Sometimes, life is just really sad
Barbara Kay, National Post · Apr. 27, 2011 | Last Updated: Apr. 27, 2011 4:07 AM ET
Grief over the loss of a loved one is a universal phenomenon. But grief's expression and attendant rituals vary greatly according to individual circumstances and cultural tradition. The stiff upper lip and discrete silent tear is the norm amongst my WASP friends, while a West Indian acquaintance of mine took comfort from the histrionic style; with obvious admiration, she once recalled for me the moment when a wailing cousin had to be restrained from jumping into her mother's grave.
Mourning is a more complex matter. Some people recover quickly from bereavement, or make a point of pretending to, and get on with their lives; others not so much. Queen Victoria never stopped mourning the death of her beloved Prince Albert. Considering their loving union, the perfection of their working partnership, the loneliness of solitary reign and the culture of her era, her emotional withdrawal seems understandable to me. But according to the Diagnostic and Statistical Manual of Mental Disorders (DSM), the bible of psychiatrists everywhere, Victoria was suffering from a mental disorder.
The fifth version of the DSM (DSM-5) is due out in 2013. In DSM-4, grief used to occupy a special category: One could suffer depression from grief longer than from other stressors and still be considered "normal." But in DSM-5, grief is likely to be lumped in with other triggers for depression, such as job loss, divorce or any other life stressor.
In other words, whether your child dies of leukemia or Walmart laid you off: They're both just "stressors." So if after two weeks, for either reason, you feel sad, can't sleep well, find your appetite diminished and experience low energy, you'll have a DSM-stamped "disorder." And lo, official disorders rather conveniently require the services of those tasked with identifying them.
This pathologization of grief, according to Dr. Allen Francis, the U.S. psychiatrist who chaired the task force for DSM-4, is a "disaster," which "ignores the inescapable fact that grief is the necessary price we pay for our mammalian capacity to love."
He's right, of course, but he's spitting into the zeistgeist.

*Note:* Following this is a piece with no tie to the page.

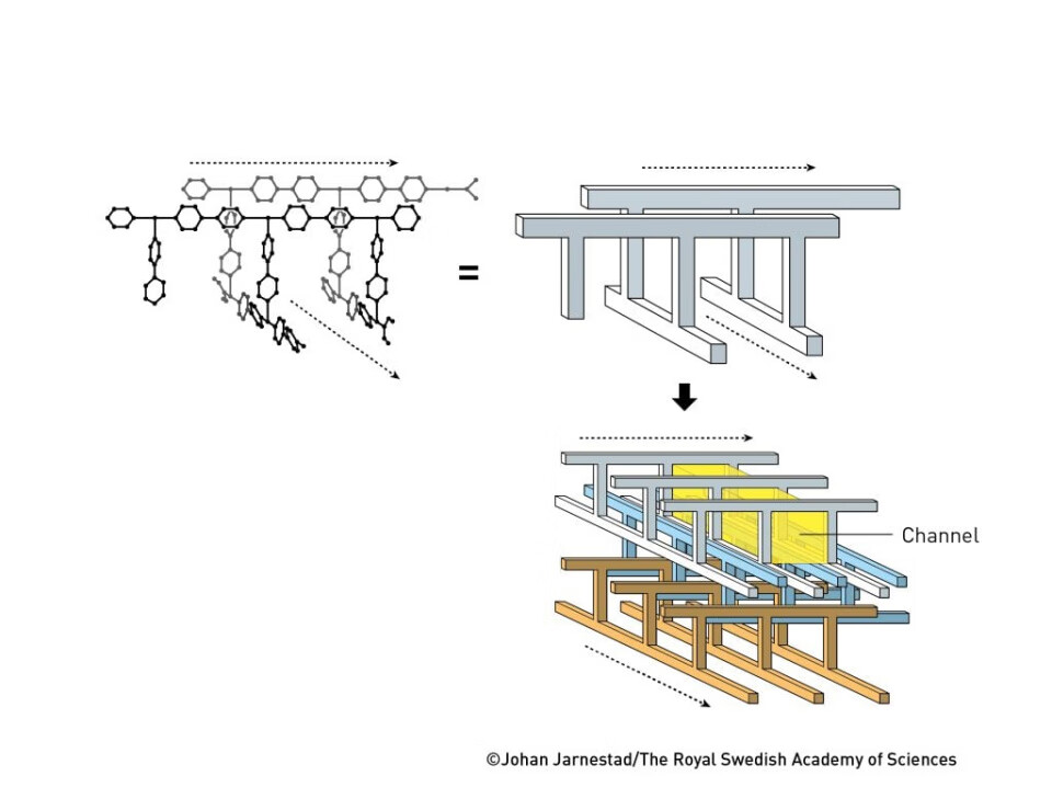 图丨1997 年,Kitagawa 成功制备出一种被开放通道交错的金属有机框架(来源:Nobel Prize)

Our era isn't governed by common sense and respect for universal human nature, but by therapism -a kind of emotional correctness that confuses aspects of the human condition with disease. Anyone subject to a "stressor" may henceforth claim to be a passive victim. His negative mood or behaviour is seen as beyond his free will or moral agency to overcome.
The DSM-5 could end up making Person A feel there is something medically wrong with her if she mourns the passing of her mate of 50 years longer than Person B mourns that of his beloved dog. Meanwhile, Person C's obnoxious child will just be a victim of "temper dysregulaton disorder with dysphoria"; and hey, Person D is not promiscuous, she merely has a "sex addiction." Not your fault. Here, have a pill. Big Pharma must be doing the chicken dance in anticipation.
After 9/11, the greatest "stressor" of our times, 9,000 counsellors and therapists descended on New York City. Turns out their services were in little demand. Apparently the bereaved were coping quite adequately with their losses by drawing on support from family and friends, not to mention their own inner fortitude. Just as the bereaved have done from time immemorial before psychiatry came along.
I am no Scientologist. And so I know that mental illness is a reality. But bona fide mental illnesses and disorders demonstrate invariable somatic characteristics discovered through methodical scientific observation. That's not the case with grief and mourning. It is not possible to set down a "science" of human identity and behaviour for life passages. Psychological states of mind like "anxious" and "unhappy" cannot be quantified or standardized, even though they can be chemically anesthetized. Freely chosen talk or chemical therapy may give welcome relief to those who can't cope in other ways. But those who choose to embrace bereavement as a natural process, even if it takes a while longer than psychiatrists like, do not deserve to be labelled disordered.
There are many bereaved people with "issues" they failed to resolve with the living, and maybe their guiltridden mourning is therefore especially stressful (and maybe deserved as well). Let them seek counselling and pills if they must. But let them take ownership of the reasons for their issues. Let them be responsible adults, not infantilized victims.
This paternalistic mania for the medical branding of people's emotions and behaviour must cease. It's a short step from pathologizing individual emotional expression to pathologizing individual opinions. In the Soviet Union, those who exhibited contempt for communism were labelled mentally ill and shut up in hospital prisons. 'Nuff said.